Among those projects have been issues that appeared in front of the Downtown Investment Authority (DIA), including the Laura Street Trio project under the auspices of SouthEast Development Group, LLC.
Salem's disclosure that Gabriel wrote the memo in question raises questions about the process in which people outside the consolidated government are scripting language for those inside it.
Salem tells Florida Politics that he knows Gabriel "personally" and that the former city lawyer was not compensated or driven by any expectation of future gain due to this document, which at least in theory could drive toward the dissolution of a committee charged with downtown development issues.
"I write very little," the most powerful man on the City Council said.
Beyond the personal connection, Gabriel's "historical perspective" was valuable.
"He was there when the Downtown Investment Authority was formed during the Alvin Brown administration," Salem said of the independent panel that has come under fire for a failure to spike downtown development on par with other peer cities since its formation in 2012.
Salem admitted that he used Gabriel's document almost wholesale as it was.
"I doctored one sentence," the second-term Republican said. "The charge went out under my signature."
Salem says the committee is not targeting the DIA or its much criticized appointed leader, former City Council President Lori Boyer.
DIA recently approved a one-year extension in her current role, with an option for a second year, which Salem says shows she is safe.
Gabriel tells Florida Politics that he did write the memo on April 28, using his daughter's Microsoft Word account linked to a Ponte Vedra High School account to do so, and sent it to Salem via his work email account soon thereafter.
He noted he was not "compensated" for the writing of the document and that he has written things for city government in his private capacity before, adding that it's commonplace to see documents drafted by people outside city employment for city lawyers and elected leaders, and there's "nothing nefarious or wrong" about volunteering documents.

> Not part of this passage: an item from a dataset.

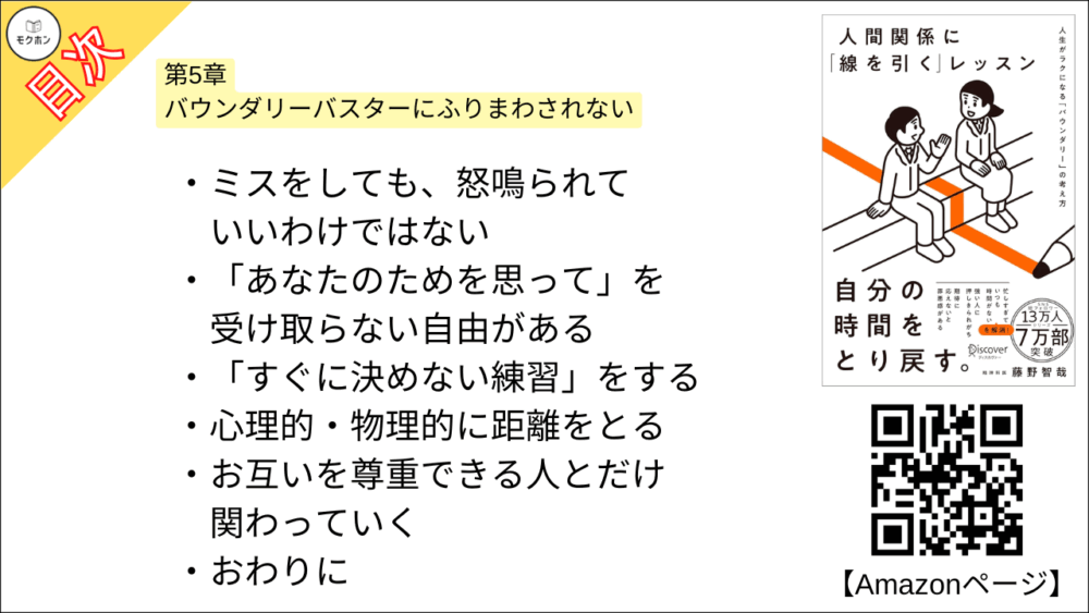 【人間関係に「線を引く」レッスン 目次】第5章 バウンダリーバスターにふりまわされない【藤野智哉・要点・もくじ】
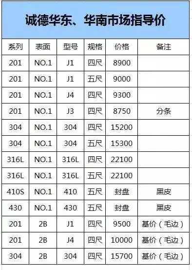 佛山、无锡、山东、福建201:四尺9200 ;304 四尺/15600(201下调100,304平盘)

"Lobbyists and lawyers," he said, "write a lot" of what eventually becomes ordinance.
Gabriel added that the charge memo was not intended as an attack on DIA or Boyer, and that he just happens to be representing the Trio project, which Boyer had wanted to stop negotiations on earlier this year.
We reached out to Boyer for comment Thursday morning but she was not in the office, and her cell phone had "calling restrictions" that precluded us even leaving a message. If she gets back to us, expect updates.